Seán O'Meara

Personal information
- Native name: Seán Ó Meára (Irish)
- Born: Shinrone, County Offaly, Ireland

Sport
- Sport: Hurling
- Position: Midfielder

Club
- Years: Club
- Shinrone

Club titles
- Offaly titles: 0

Inter-county*
- Years: County / Apps (scores)
- 1980-1981: Offaly / 1 (0-00)

Inter-county titles
- Leinster titles: 0
- All-Irelands: 0
- NHL: 0
- All Stars: 0
- *Inter County team apps and scores correct as of 15:19, 29 June 2014.

= Seán O'Meara (Offaly hurler) =

Irish hurler

Seán O'Meara is an Irish retired hurler who played as a midfielder for the Offaly senior team.

Born in Shinrone, County Offaly, O'Meara first played competitive hurling in his youth. He made his senior debut with Offaly during the 1980-81 National League and immediately became a regular member of the team.

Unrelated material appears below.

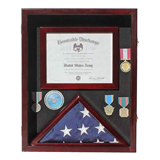Crafted from solid wood. Dimensions: 21.75"H X 17.5"W X 4.25"D (Outside) , Interior Depth: 3.5, Interior of the triangle for the 3'X5' flag folded: 14"W X 7"H X 2.25"D, Interior of the Picture/Certificate frame 8.5"H X 11" W.

During his career O'Meara won a set of All-Ireland and Leinster medals as a non-playing substitute.

At club level O'Meara played with Shinrone.

His retirement came following the conclusion of the 1981 championship.

==Honours==
===Team===

- Offaly
- All-Ireland Senior Hurling Championship (1): 1981 (sub)
- Leinster Senior Hurling Championship (5): 1981 (sub)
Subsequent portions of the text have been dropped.